We have also participated in “imagination”
mode where we have reflected on who we are and our purpose and created
vision. This has been done through “mutuality”
creating both personal and professional trust (Wenger, 2000, p. 230). We are now in a phase where alignment has
been established between the leaders.
“Learning at boundaries is likely to be
maximised for individuals and for communities when experience and competence
are in close tension,” (Wenger, 2000, p.233).

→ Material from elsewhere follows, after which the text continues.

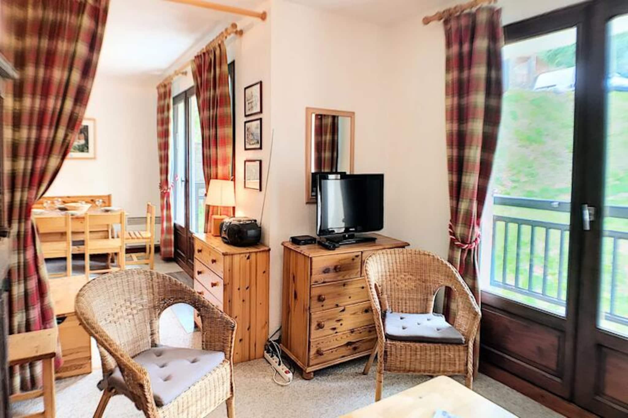 In the charming Grangeraies district of Saint-Martin-de-Belleville, this cozy alpine apartment offers a delightful retreat for those seeking to explore the world-renowned 3 Valleys ski area. Just a two-minute walk from the Saint Martin 1 gondola lift, you’ll find yourself perfectly positioned for effortless access to pristine slopes and breathtaking mountain views. The village center, a mere five-minute stroll away, invites you to discover its quaint shops, local eateries, and welcoming atmosphere, all framed by the majestic peaks of the French Alps. Whether you’re here for winter sports or summer adventures, this residence promises a memorable stay. \n\nThe apartment, located on the first floor of Les Murgers residence, features a thoughtfully designed layout with a bedroom, sleeping alcove, and a living room that comfortably accommodates up to six guests. Its south-west facing balconies provide a sunny spot to unwind after a day of skiing or hiking, offering picturesque views of the surrounding landscape. The well-equipped kitchen includes modern conveniences such as a dishwasher, microwave, and Nespresso machine, ensuring you have everything needed to prepare hearty meals. A television with an integrated DVD player adds to the cozy ambiance, while the bathroom with a bathtub and separate WC ensures comfort for all guests. \n\nWith a ski locker and amenities like bed linen and towels included during winter stays of seven nights or more, this property is tailored for convenience and relaxation. The residence’s external staircase adds a touch of alpine charm, while its proximity to the gondola lift and village center ensures you’re never far from the action. \n\nWhether you’re carving through powdery slopes, exploring scenic trails, or simply soaking in the tranquil beauty of Saint-Martin-de-Belleville, this apartment is your gateway to an unforgettable alpine escape. Let the magic of the 3 Valleys create memories that will last a lifetime.

Competence refers to what the community has established over time and
experience is our own interaction with the world. When there is a close tension – i.e. new or
contrasting experiences are not too far removed from the community’s competence
there is more opportunity for learning. The community came into closer alignment
through sharing understanding of the competencies and challenges of the constituent
groups and through the learning of the principals in the group with the help of
an external facilitator. This has brought
a tension between the competency of the group and experience beyond which is a
condition for learning.
Through this experience we are now building
a sense of a shared repertoire of resources.
One of these is the agreed focus on “Spirals of Inquiry” (Timperley, Kaser, & Halbert,
2014) as a
learning tool for all members. Another
is the beginning practice of cross- school moderation thus beginning a shared
understanding of resource and competence.
The next step is to engage a learning facilitator for the schools and
the lead teachers to work across and within schools and this is when the community’s
shared competence and repertoire will begin to grow.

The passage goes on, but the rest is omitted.